Facebook: Don't Advertise With Us If You Don't See Clear ROI

16.12.2014
Facebook last week detailed a number of initiatives meant to help it form a more cohesive strategy for implementing its arsenal of recently acquired advertising technology.

"It has taken us some time to figure out what we uniquely offer to the world," Brian Boland, vice president of ad tech at Facebook, said during a media briefing at the company's headquarters in Menlo Park, Calif., last week.

Boland says the company wants to "reconnect the pieces" of the ad tech it acquired and built, and explain how they fit together to form a clear vision for Facebook's future. Facebook reframed its ad tech products to better enable advertisers and publishers to reach their target audiences and accurately measure the effectiveness of the ads it serves on Facebook and on the Web.

Facebook's People-Based Marketing

"People-based marketing" is the new name of the game for Facebook, according to Boland, and it's pulling out all the stops to give advertisers and publishers more confidence that the social network's tools can help grow their businesses.

"This will help you understand everything you'll see us do for the next couple of years," Boland says. "Every product you see us come out with on the advertising side will hang in this framework."

Facebook serves different interests, sometimes narrow and specific to Facebook, other times much more broad in the digital space, and the company has no plans to combine its suite of ad tech businesses into a single platform.

"There are certain tools that advertisers need to run all their digital that are independent of what you do on Facebook," Boland told CIO.com in a follow-up interview. "The tools we're building here will enable marketers to have a comparable view of all their different publishers."

However, the most difficult challenge for Facebook and any other online business that sells ads across multiple devices is measurement. "We think the current systems are fundamentally outdated," Boland says.

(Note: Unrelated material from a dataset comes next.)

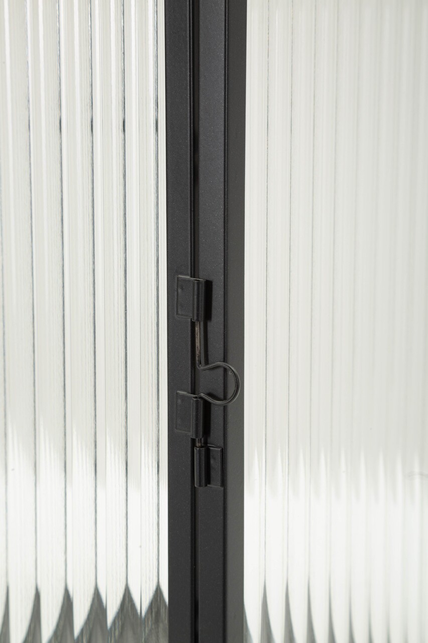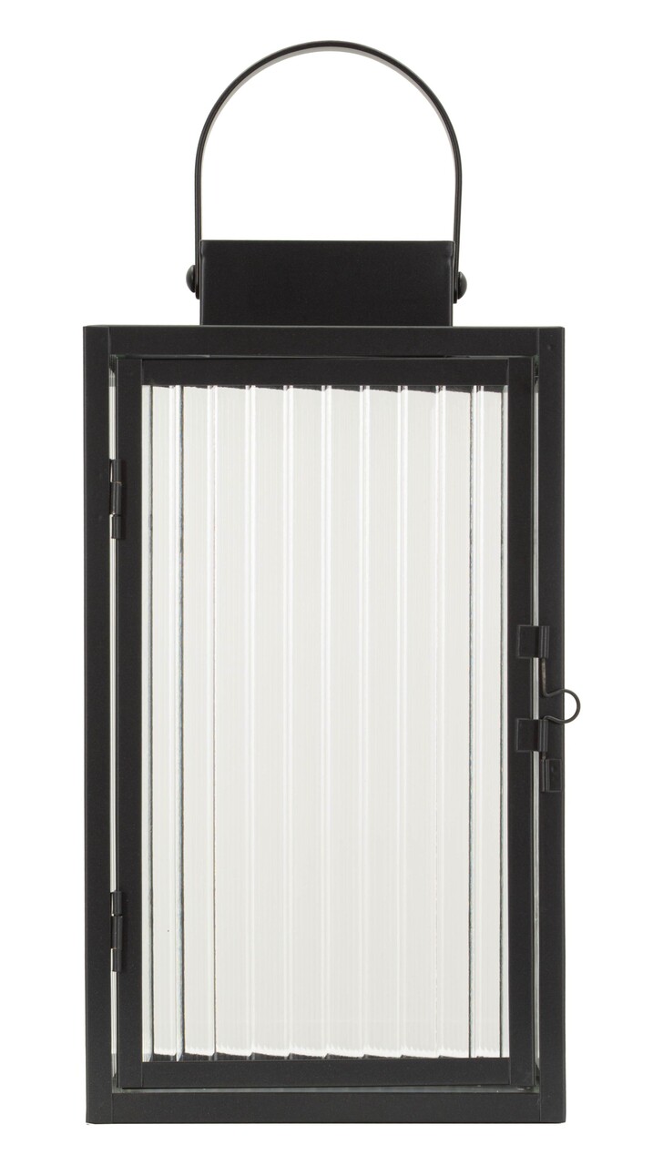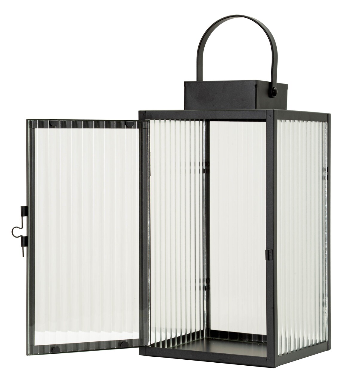 Felinar din metal negru cu sticla securizata texturata. Lumina difuza creeaza o atmosfera calda si primitoare.

Facebook believes it made progress on this front, and it is now taking a more direct approach to how it pursues ad dollars from publishers and brands.

Facebook Ad Tech and ROI

Boland says businesses shouldn't advertise on Facebook if they're not sure of the ROI. "Don't spend a dollar unless you know that dollar is delivering ROI," he says.

However, a robust CRM system is required if marketers want to reach the right individuals and then match their online and offline activities to track sales. That's where Facebook thinks it can help.

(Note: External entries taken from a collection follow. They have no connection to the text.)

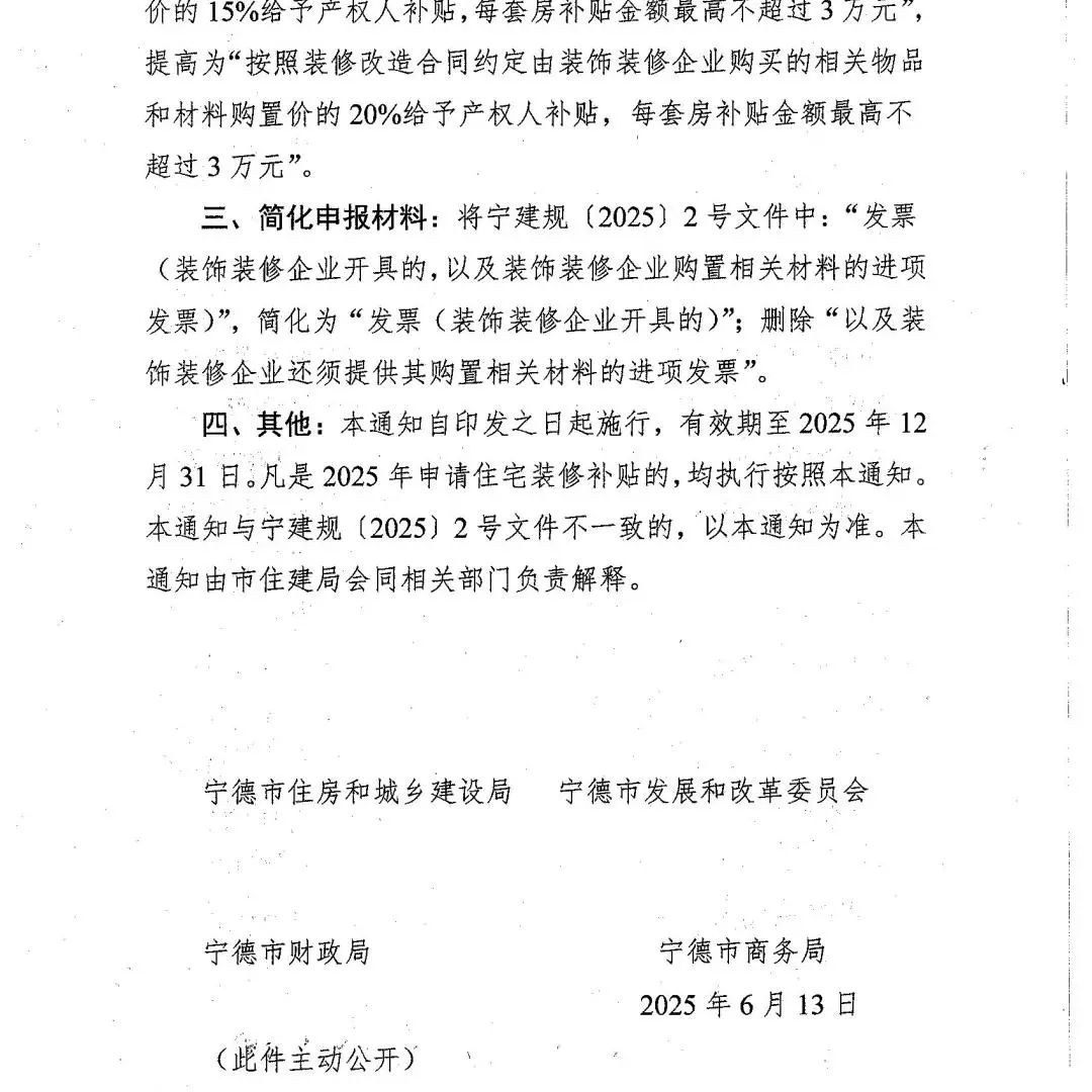 本通知自印发之日起施行,有效期至2025年12月31日。凡是2025年申请住宅装修补贴的,均执行按照本通知。本通知与宁建规〔2025〕2号文件不一致的,以本通知为准。本通知由宁德市住建局会同相关部门负责解释。
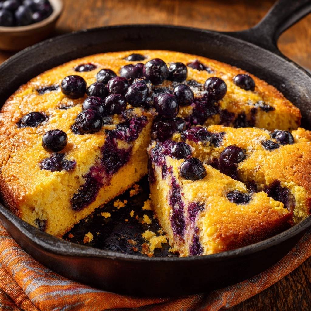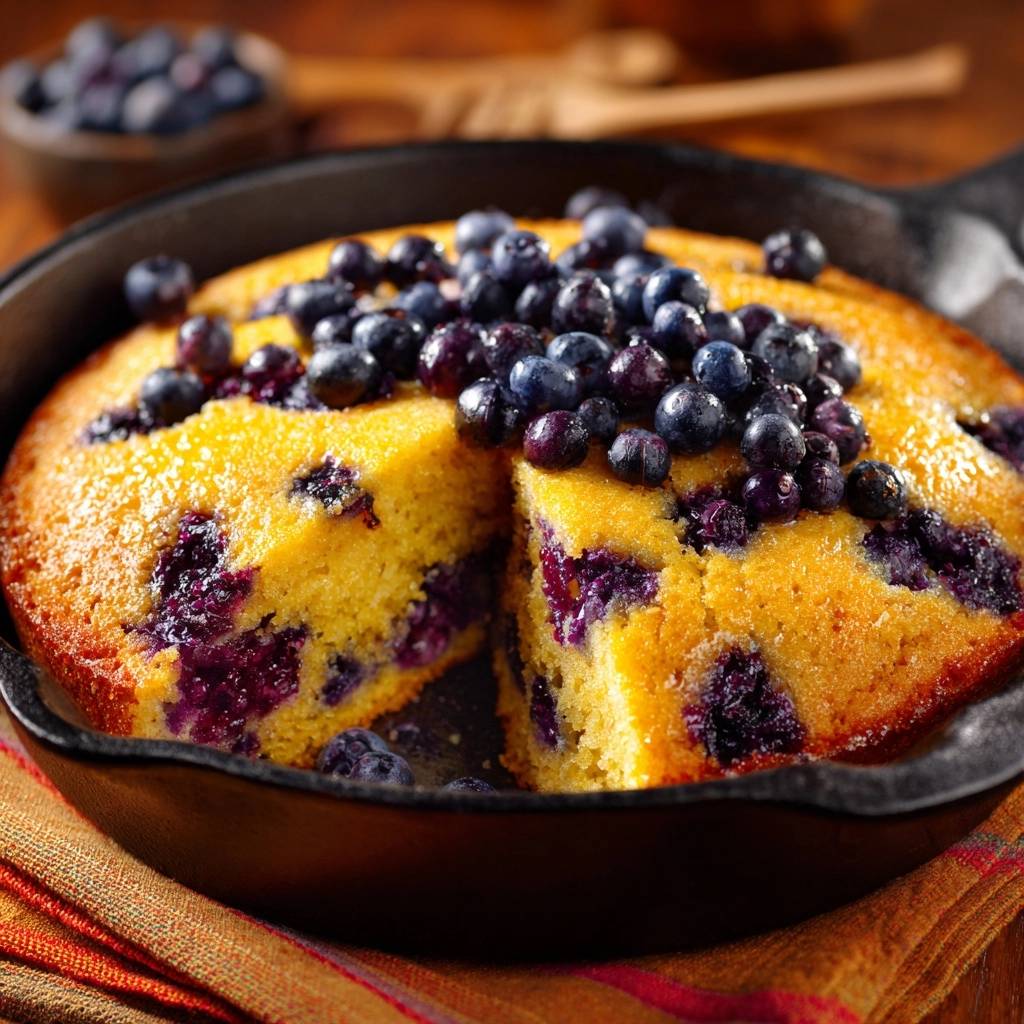 Stell dir vor, du nimmst den ersten Bissen von diesem Blaubeer-Cornbread aus der Gusseisenpfanne. Die Kruste knackt leicht, innen explodiert Saftigkeit mit knackigen Beeren, die genau da sitzen, wo sie hingehören. Kein Matsch unten, nur purer Genuss.
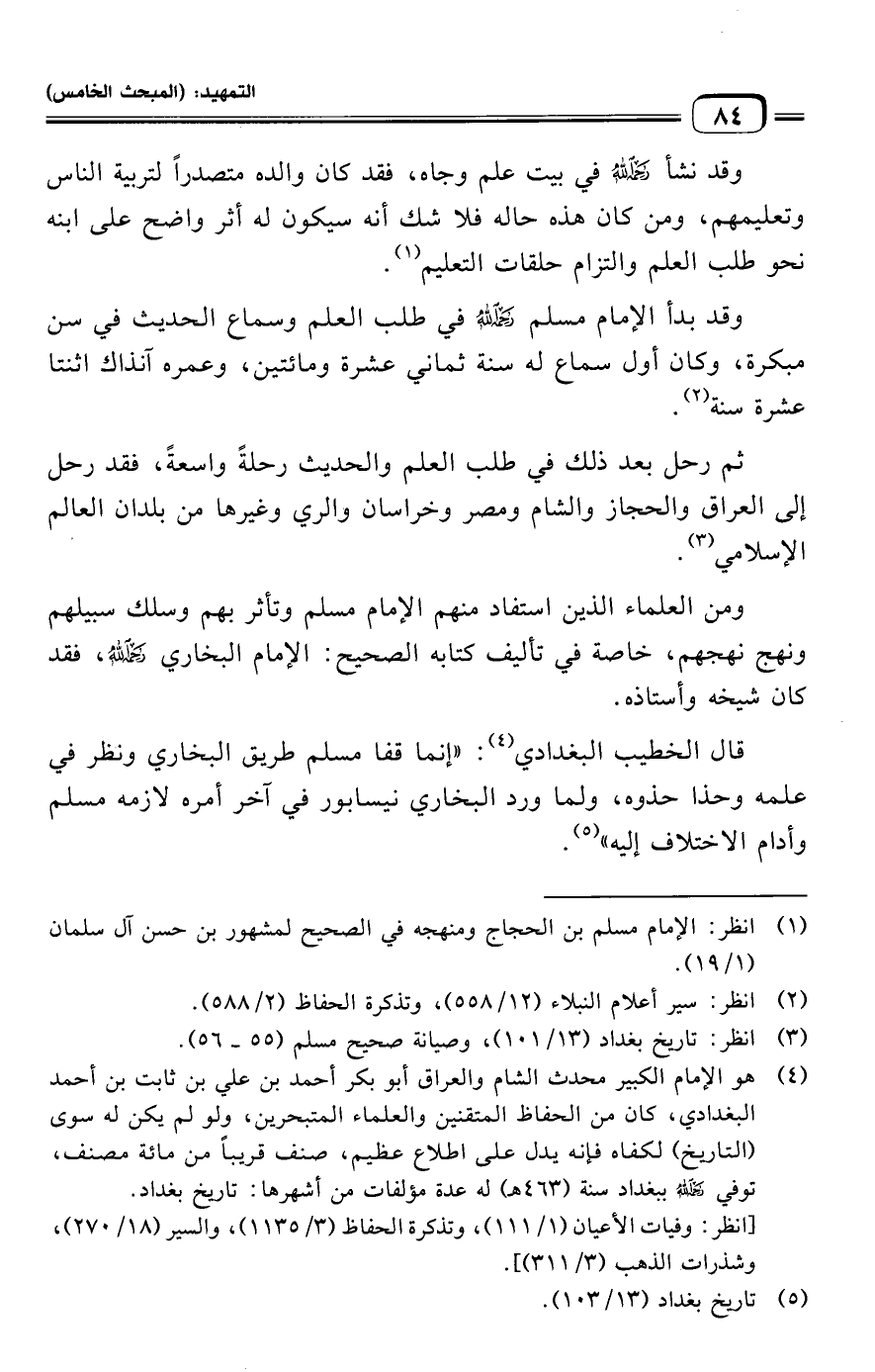 (¬١) انظر: الإمام مسلم بن الحجاج ومنهجه في الصحيح لمشهور بن حسن آل سلمان (١/ ١٩).
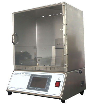 Voor de bepaling van de verbrandingskenmerken van textiel onder gecontroleerde omstandigheden: testkast van roestvrij staal met glasobservatiepaneel voorzien van automatische tijdsberekening van de vlamverspreiding in 0.1-seconde-inkrementen vanaf ontsteking- Borstelapparaat inclusief reserve nylon borstel.

The advertising and publishing industries have invested billions of dollars in CRM, but they still struggle with getting the most value from the data, according to David Jakubowski, head of ad tech at Facebook. "What do I do with that big data These [Facebook] tools...enable that at scale, from personalization through to reach and measurement," Jakubowski says.

Facebook's utilities include its recently expanded Audience Network, an ad serving platform for mobile apps; LiveRail, a technology platform for video ads that Facebook acquired last summer; and Atlas, the ad platform it acquired from Microsoft and rebuilt so marketers can measure and manage all of their digital campaigns.

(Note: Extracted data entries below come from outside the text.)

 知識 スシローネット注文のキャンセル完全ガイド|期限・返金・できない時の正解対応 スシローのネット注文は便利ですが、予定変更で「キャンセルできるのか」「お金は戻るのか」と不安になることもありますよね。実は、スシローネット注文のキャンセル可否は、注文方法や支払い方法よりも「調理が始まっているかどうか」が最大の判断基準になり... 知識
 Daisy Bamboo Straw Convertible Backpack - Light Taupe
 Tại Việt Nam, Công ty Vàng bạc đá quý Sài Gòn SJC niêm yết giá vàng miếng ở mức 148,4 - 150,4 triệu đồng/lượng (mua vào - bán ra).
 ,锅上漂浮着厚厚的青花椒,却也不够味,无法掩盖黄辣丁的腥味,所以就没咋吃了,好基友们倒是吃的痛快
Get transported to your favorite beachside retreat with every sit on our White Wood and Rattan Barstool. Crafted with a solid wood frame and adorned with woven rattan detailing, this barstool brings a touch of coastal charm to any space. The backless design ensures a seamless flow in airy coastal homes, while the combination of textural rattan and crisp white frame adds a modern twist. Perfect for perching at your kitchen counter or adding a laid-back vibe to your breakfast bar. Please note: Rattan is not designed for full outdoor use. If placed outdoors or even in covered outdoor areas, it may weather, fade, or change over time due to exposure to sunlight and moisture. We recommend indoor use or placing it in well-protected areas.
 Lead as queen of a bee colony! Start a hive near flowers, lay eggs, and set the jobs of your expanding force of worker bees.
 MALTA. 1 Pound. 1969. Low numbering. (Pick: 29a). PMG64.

With Atlas, Facebook is trying to solve two industry-wide problems: bringing mobile marketing up to speed with mobile usage and reaching the right people with the right ads, according to Erik Johnson, who runs sales and service for Atlas.

"Mobile marketing hasn't kept pace with the usage of mobile," Johnson says. "People are tired of seeing bad ads, and they see bad ads because they're not targeted the right way."

Mark Trefgarne, former CEO of LiveRail and current director of product management for the ad platform at Facebook, says this disconnect is stems from a hesitance to embrace new technologies and approaches.

"Right now we're in a world where we think mobile is substantially underrepresented," Reframe says. "It's a case of changing decades-old practices to make sure they keep pace with where people spend their time."

With Facebook Users' Time Comes Responsibility

Boland says Facebook feels a sense of responsibility for the time that people spend on the site. "That time is going to have a portion of their lives taken up with marketing messages and advertising," he says. "I feel a responsibility to make that time is really worth their while."

When asked about competitors, Jakubowski immediately mentioned Google and Seismic and specified a set of weaknesses that he thinks will serve as competitive advantages for Facebook.

"We have without question the largest real-name identity platform on the planet, so there's nobody who can do it at exactly our scale," Jakubowski says, noting that Google is working to address this problem and is expected to release something related in the near future.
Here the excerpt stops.